Newcastle University/4 September 2008

From 2008.igem.org

Minutes

Minute Taker = Jess Thompson

Time: 16:00 – 17:00

Attended by:

Neil Wipat - supervisor Jennifer Hallinan - supervisor Jan-Willem Veening – advisor Ria Chalder – wet lab student Jess Thompson – wet lab student


Absent:

Matthew Pocock Megan Aylward Nina Nielsen-Dzumhur Morgan Taschuk Mark Wappett Leendert Hamoen Colin Harwood James Lawson Michael T. Cooling


Meeting Content


Agenda 1: media coverage

Jen mentions that the press are interested in covering work that the Newcastle iGEM team are doing and asks Jan-Willem if photographers would be allowed into the lab in the near future. Jan-Willem agrees.


Agenda 2: creating a resource page on Bacillus subtilis

Anil suggests a resource page detailing tips on how to work efficiently with Bacillus subtilis 168 would be useful to the team and to other iGEM teams as few teams have worked with this bacterium and there is little information available regarding its laboratory use. This is to be written by Ria and Jess and sent to Morgan as a Word document. Morgan can then edit the information as she sees fit and upload it onto the team's external Wiki as a separate page. The information is to include:

- what B. subtilis 168 is

- which vectors work best with it

- the advantages of using this strain

- the tools available that aid its laboratory use

- any problems envcountered when using it

- plasmid diagrams/ restriction maps

- how using a B. subtilis vector is different to using an E. coli vector

An email from Jan-Willem sent to Jen about different promotors is to be sent by Jen to the rest of the team and the information encorporated by Ria and Jess into the B. subtilis page.
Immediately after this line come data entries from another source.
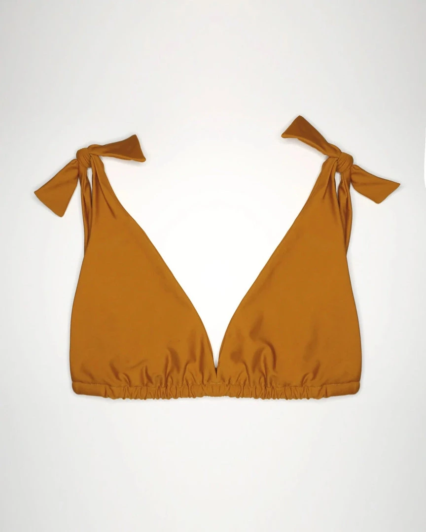 The Nikki Recycled Swim Top is a classic style that allows you to decide how much cup coverage you want and offers a perfect fit with tie shoulders. A g-hook closure with three loops lets you find the right fit for the most comfortable wear. Double layer cups with no padding allows a comfortable yet supportive fit. The Nikki Top is named after Nikki Beach in Greece.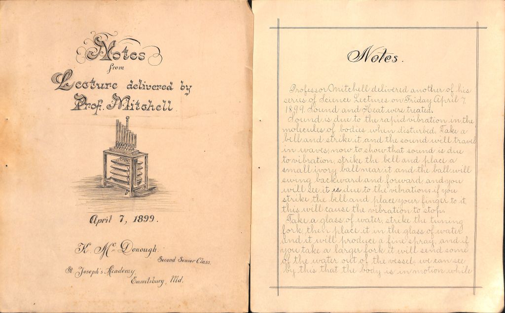 A handful of these additional “Scrapbooks” from the Academy exist across the middle of the 19th century. Other materials address the education provided by the Academy more directly. Katherine McDonough’s lecture notes from 1899 show an average day of education in science, geology, and grammar.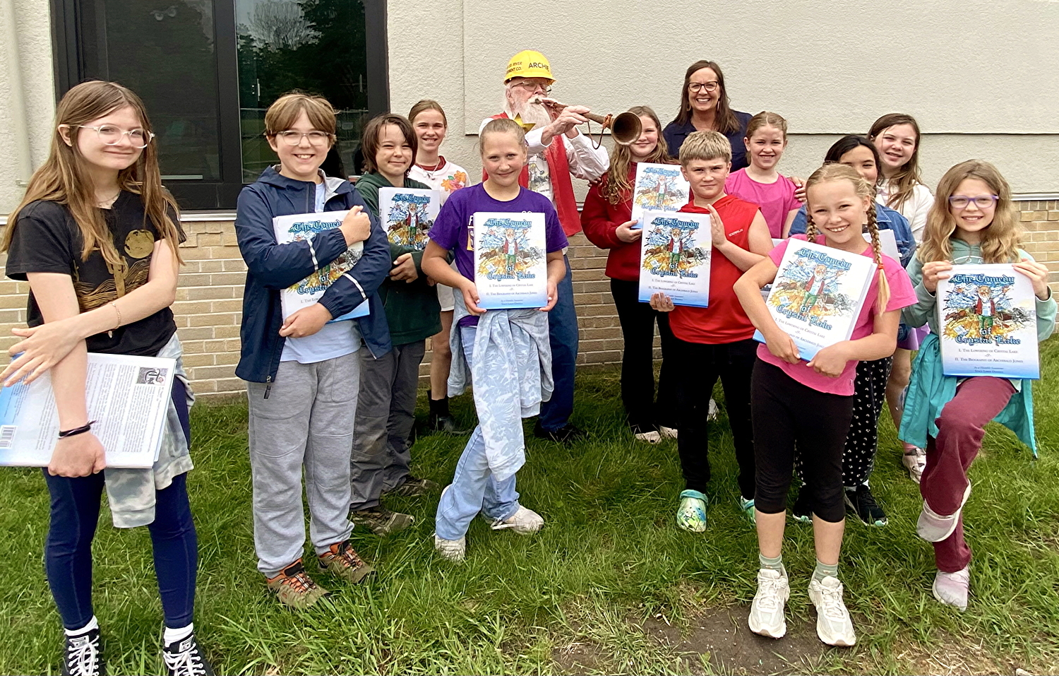 Cast members receive a copy of the "The Comedy of Crystal Lake"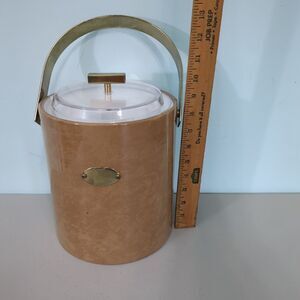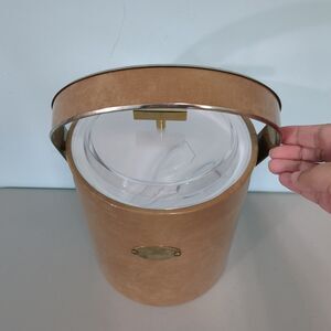 Vintage Ice Bucket George Briard Gold Wood Grain Trim bar cart mid century modern MCM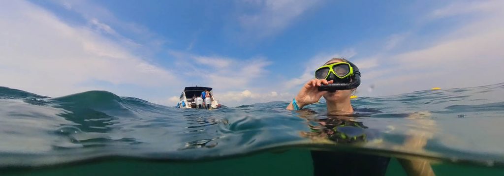 Wir waren eher froh, als wir nach einer Stunde wieder von der Insel ablegten. Wir fuhren weiter aufs Meer hinaus zu einem Schnorchelspot.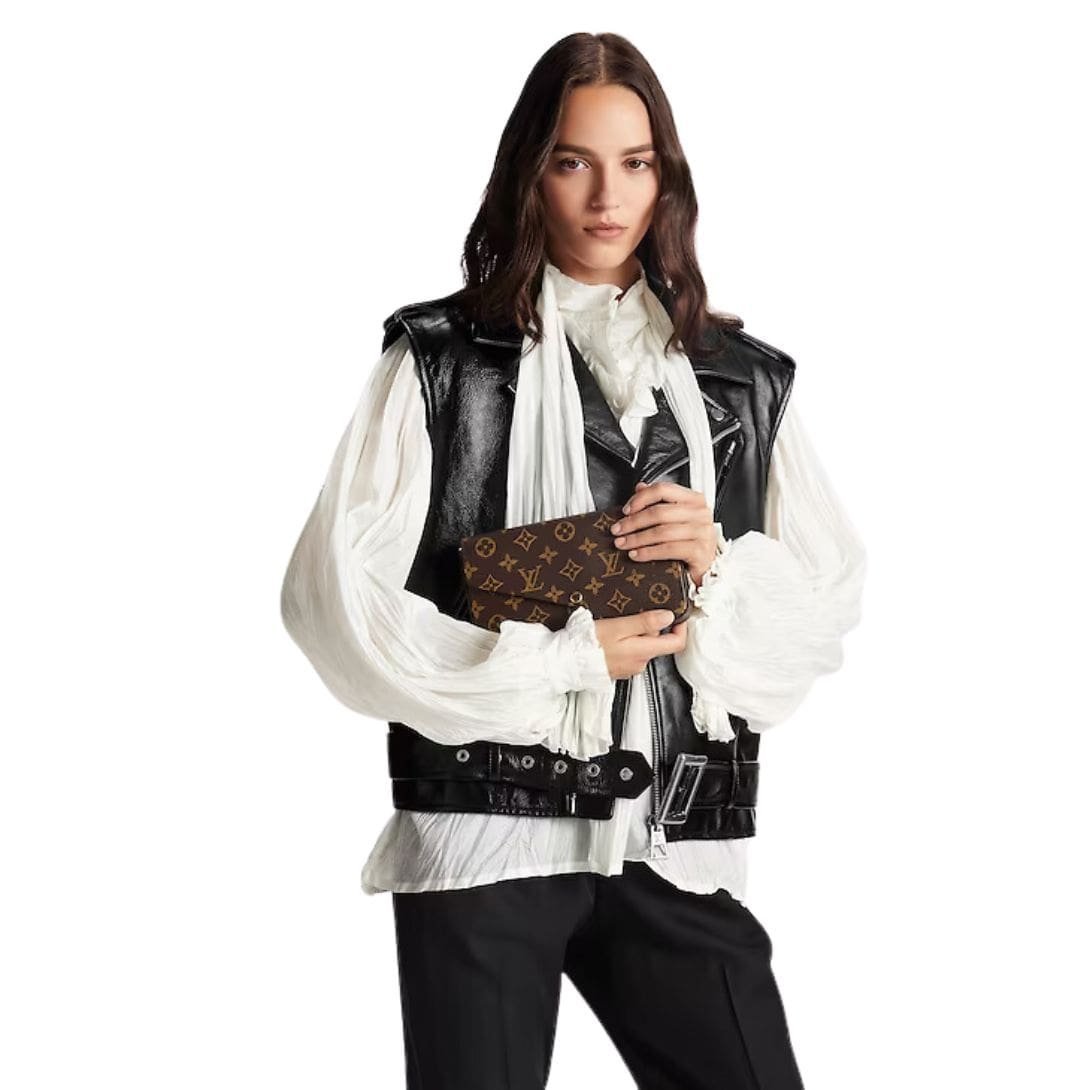 Crafted with meticulous attention to detail, this pouch features Monogram coated canvas and cowhide leather trim, complemented by gold-color hardware for a touch of opulence. The microfiber lining ensures a luxurious feel, while the cowhide-leather lining for leather removable parts adds durability.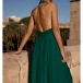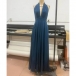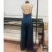 This jumpsuit features modern halterneck styling with elegant V-neck construction and flattering high-rise design for contemporary sleek elegance. Perfect for party wear.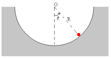 Las posiciones en las que la partícula se detiene momentáneamente v=0, se han marcado en color rojo en la superficie circular cóncava. |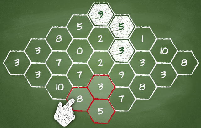 New tiles with random numbers will fall from the top. Notice the white fill of these new tiles.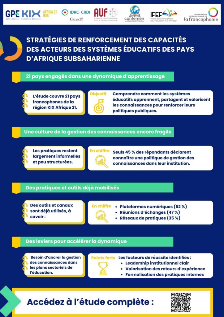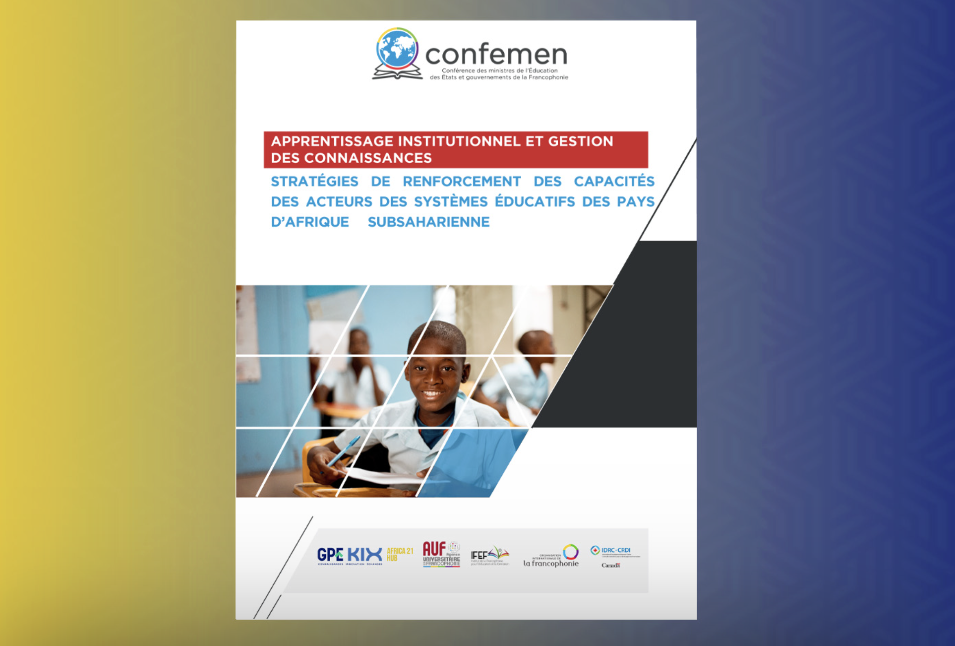 Le bassin de connaissances issue de recherche en éducation a une valeur inestimable. Ces recherches peuvent informer les pratiques éducatives, les approches pédagogiques et même les organisations institutionnelles. Toutefois, les enjeux relatifs aux transferts entre les connaissances issues de la recherche et les praticiens sur le terrain demeurent aussi persistants. Réduire le fossé entre les connaissances produites par le monde académique et gouvernemental et les praticiens en éducation s’impose comme un champ d’investigation incontournable. Afin de palier à ses difficultés, l’Organisation Internationale de la Francophonie (OIF) à travers son Institut de la Francophonie pour l’Éducation et la Formation (IFEF), la Conférence des ministres de l’Éducation des États et gouvernements de la Francophonie (CONFEMEN) et l’Agence Universitaire de la Francophonie (AUF) a mis en place le centre KIX Afrique 21 afin d’approfondir la compréhension des innovations réussies tant au regard des produits, des processus, des stratégies que des approches permettant de rendre les systèmes éducatifs plus efficaces et à renforcer la capacité des gouvernements à innover, à générer et utiliser des données probantes. Cette étude propose donc de faire un état des lieux des pratiques d’apprentissage institutionnel et de situer le transfert de connaissance en éducation dans les systèmes éducatifs des pays membres du centre KIX Afrique 21.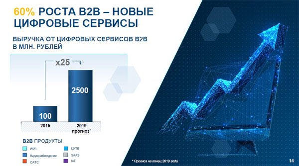Одно из важных для компании решений, которые должны привести к росту бизнеса, это выход в новые регионы не за счет покупки активов, а благодаря строительству собственной сети. В частности, в Архангельске будет построена сеть нового поколения. Что касается освоения других новых территорий, то в планах «ЭР-Телеком» – выход на московский рынок B2B, а также на B2B и B2C-рынки Подмосковья. Еще одна точка роста, по мнению Андрея Кузяева, - предоставление услуг в сельской местности. Речь не про коттеджные поселки, а про небольшие населенные пункты, куда оператор приходит за счет программы «Устранение цифрового неравенства». Логика проста: если в таких населенных пунктах у жителей есть деньги на оплату услуг спутникового ТВ-оператора, то за услуги доступа в интернет и цифрового ТВ от «ЭР-Телеком» они точно смогут заплатить. Поддержать такую экспансию должно развитие сети. К 2021 году, как обещает Андрей Кузяев, 50 % сети сможет обеспечивать гигабитные подключения, а в 2022 году уже от 70 до 80 % сетей будут предоставлять 1 Гбит/с на домохозяйство. В планах – перейти на 10 Гбит/c, причем уже к 2023 году, как отметил Кирилл Пищальников, директор по инфраструктуре компании. Инвестиции на развитие сети за три года составят 10 млрд рублей. К 2020 году оператор хочет создать собственную трансконтинентальную магистральную сеть – правда, решение об этом было принято очень давно – еще в 2015 году. «На сегодняшний день мы находимся на границе Монголии в районе Улан-Удэ, у нас есть собственное кольцо через Казахстан, Китай, Гонконг, Пекин и на Монголию, собственная сеть через всю страну, через Стокгольм, Франкфурт и через Беларусь в Москву. Мы подключены ко всем ключевым хабам», - рассказал Андрей Кузяев. И все же главное, на чем намерен зарабатывать оператор, это инновации: их доля в динамике выручки до 2024 года должна составить 50 %. Компания намерена создать digital-телеком-платформу Telco 2.0. Через три года планируется создать программно-определяемую сеть. Управлять сетью будет искусственный интеллект. Отдельного внимания заслуживают цифровые проекты компании, ориентированные на бизнес-рынок. Среди наиболее перспективных, с точки зрения самого оператора, направлений –решения в области искусственного интеллекта, видеоаналитики и интернета вещей. Эти решения в основном находятся в стадии пилотирования, но, как утверждают представители оператора, уже доказали свою эффективность. Среди подобных проектов – умные пешеходные переходы, каска с датчиками, мониторящая не только местоположение сотрудника, но и возможность падения, проекты «Умный свет» и «Умный домофон», решения для экомониторинга, отслеживания скоропортящихся товаров, видеоаналитики для ретейла и т.д. К примеру, использование тепловых карт в ретейле на 10 % увеличивает продажи низколиквидных товаров и в три раза снижают очереди – об этом свидетельствует опыт одного из клиентов «ЭР-Телеком». Уже в 2019 году выручка от цифровых B2B-сервисов оператора составит 2,5 млрд рублей, что в 25 раз больше, чем по итогам 2015 года. Если тогда компания предоставляла 2 цифровых сервиса для бизнеса, то к концу 2019 года – 24.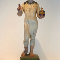 A tall sculpted wood figure of Christ with the globe, 19/20th C., Bruges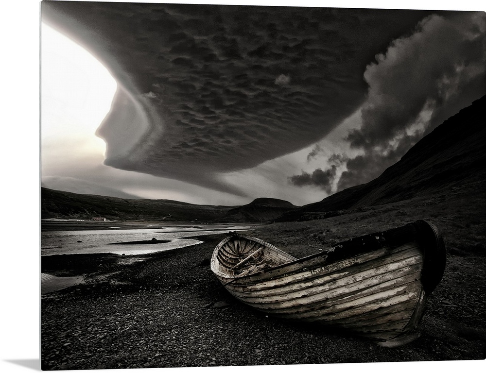 <p>A weathered wooden boat o nthe beach under dark clouds in Iceland.</p>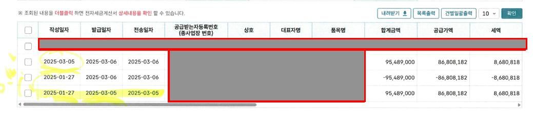 당초 : 작성일 - 1월27일 / 발급일 - 3월5일로 지연발급세금계산서 발행했습니다.

Agenda 3: Newcastle helping Cambridge

Information regarding the Newcastle iGEM team aiding the Cambridge iGEM in their work will help the newcastle team meet one of the gold medal criteria. This is to be added to the external Wiki.


Agenda 3: Plasmid sent to the US

Jan-Willem explains that he sent plasmid DNA to the US in June and assumed it to be temporarily held up in customs as there had been no confirmation of its arrival. However an email has been sent 2 months later to say that the tube containing the DNA has been broken. Jan-Willem has sent more plasmid.


Agenda 4: Current state of laboratory work

Jan-Willem, Ria and Jess are pleased to announce that the biobrick has been successfully restricted out, ligated into the vector plasmids and transformed into TOP10 competent E. coli. Previous restrictions had failed to due an incorrect amount of buffer being used. Providing further restrictions of isolated plasmid run on gel show the expected 2.2kb biobrick fragment, the laboratory work can move to microscopy work next week.


AOB

Jen reminds everyone that they must register in order to travel to the US.

Jen and Anil will be away on 14th September so will be absent from the 18th September meeting.

Jan-Willem will beaway 13th-22nd September.